E.g., when you write

(defmacro report (x)
  (let ((var (gensym "REPORT-")))
    `(let ((,var ,x))
       (format t "~&~S=<~S>~%" ',x ,var)
       ,var)))

you are actually defining a function which looks something like

(defun macro-report (system::<macro-form> system::<env-arg>)
  (declare (cons system::<macro-form>))
  (declare (ignore system::<env-arg>))
  (if (not (system::list-length-in-bounds-p system::<macro-form> 2 2 nil))
      (system::macro-call-error system::<macro-form>)
      (let* ((x (cadr system::<macro-form>)))
        (block report
          (let ((var (gensym "REPORT-")))
            `(let ((,var ,x)) (format t "~&~s=<~s>~%" ',x ,var) ,var))))))

I.e., when you write, say,

(report (! 12))

lisp actually passes the form (! 12) as the 1st argument to macro-report which transforms it into:

(LET ((#:REPORT-2836 (! 12)))
  (FORMAT T "~&~S=<~S>~%" '(! 12) #:REPORT-2836)
  #:REPORT-2836)

and only then evaluates it to print (! 12)=<479001600> and return 479001600.

Recursion in macros

There is a difference whether a macro calls itself in implementation or in expansion.

E.g., a possible implementation of the macro and is:

(defmacro my-and (&rest args)
  (cond ((null args) T)
        ((null (cdr args)) (car args))
        (t
         `(if ,(car args)
              (my-and ,@(cdr args))
              nil))))

Note that it may expand into itself:

(macroexpand '(my-and x y z))
==> (IF X (MY-AND Y Z) NIL) ; T

As you can see, the macroexpansion contains the macro being defined.
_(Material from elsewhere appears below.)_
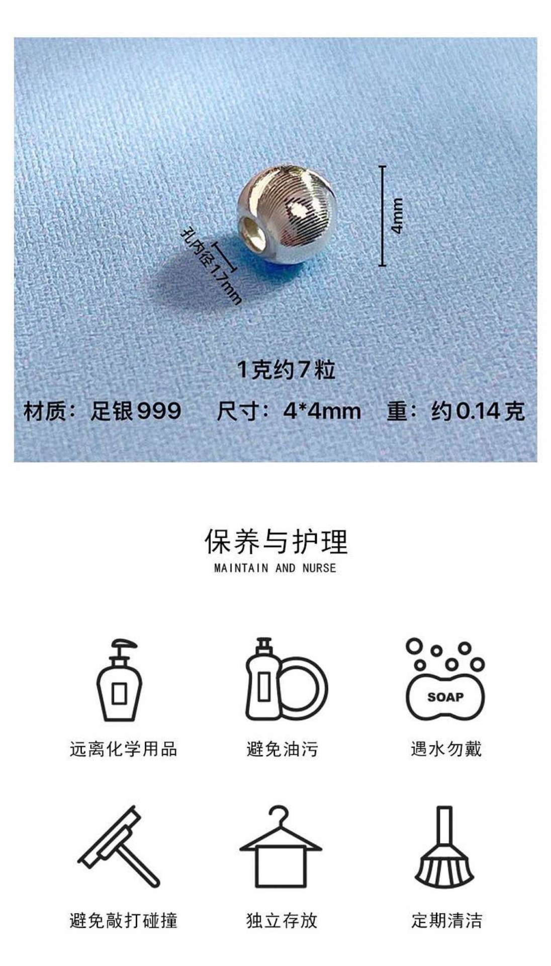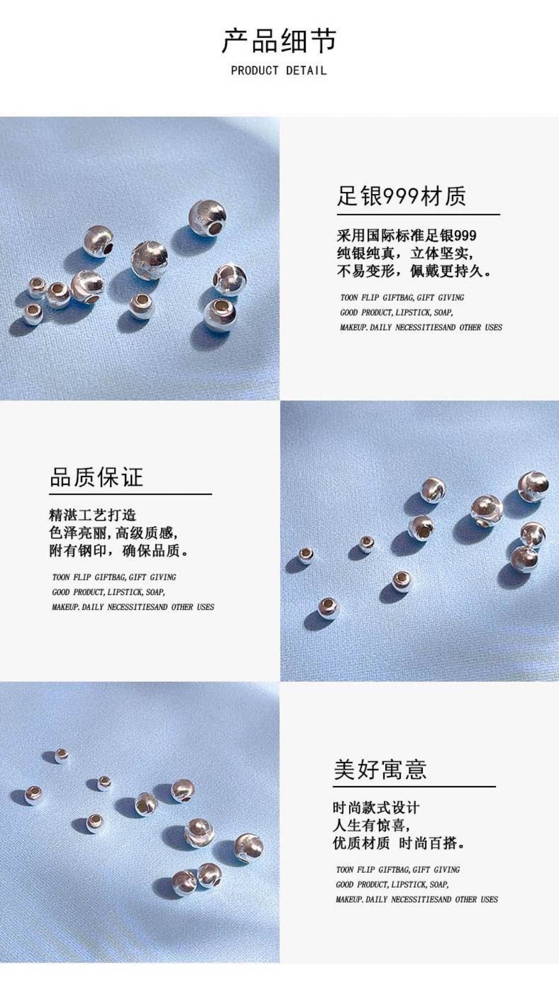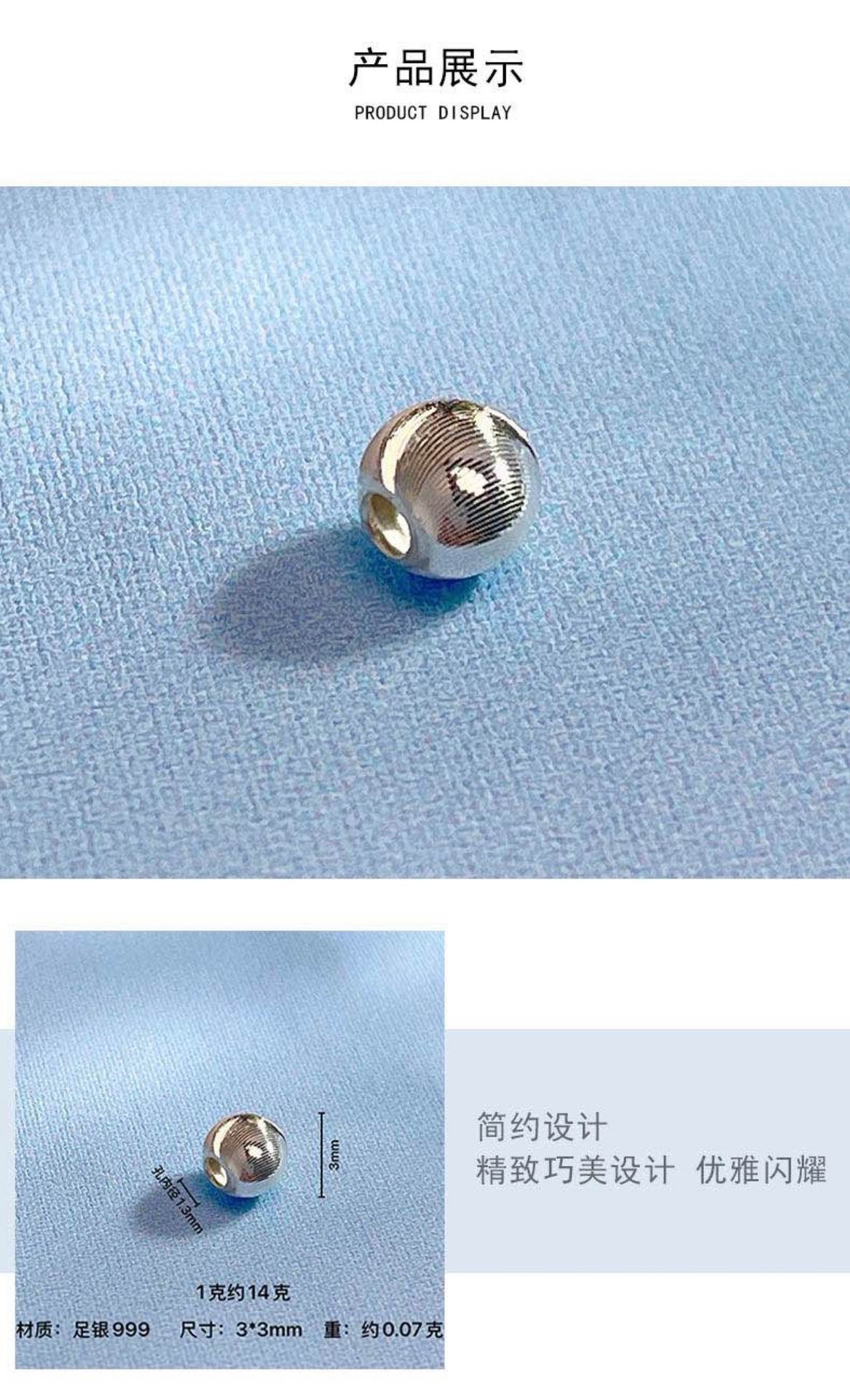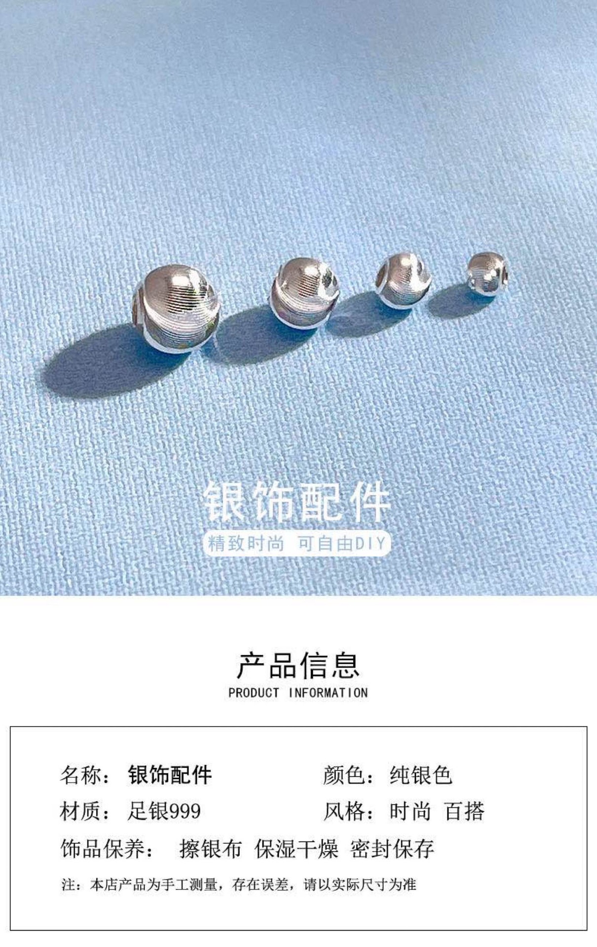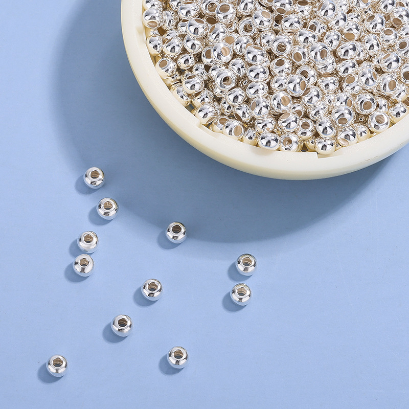 足银999隔珠算盘珠散珠银饰配件diy串珠手链耳环项链光面圆珠批发

This is not a problem, e.g., (my-and 1 2 3) correctly evaluates to 3.

However, if we try to implement a macro using itself, e.g.,

(defmacro bad-macro (code)
  (1+ (bad-macro code)))

you will get an error (a stack overflow or undefined function or ...) when you try to use it, depending on the implementation.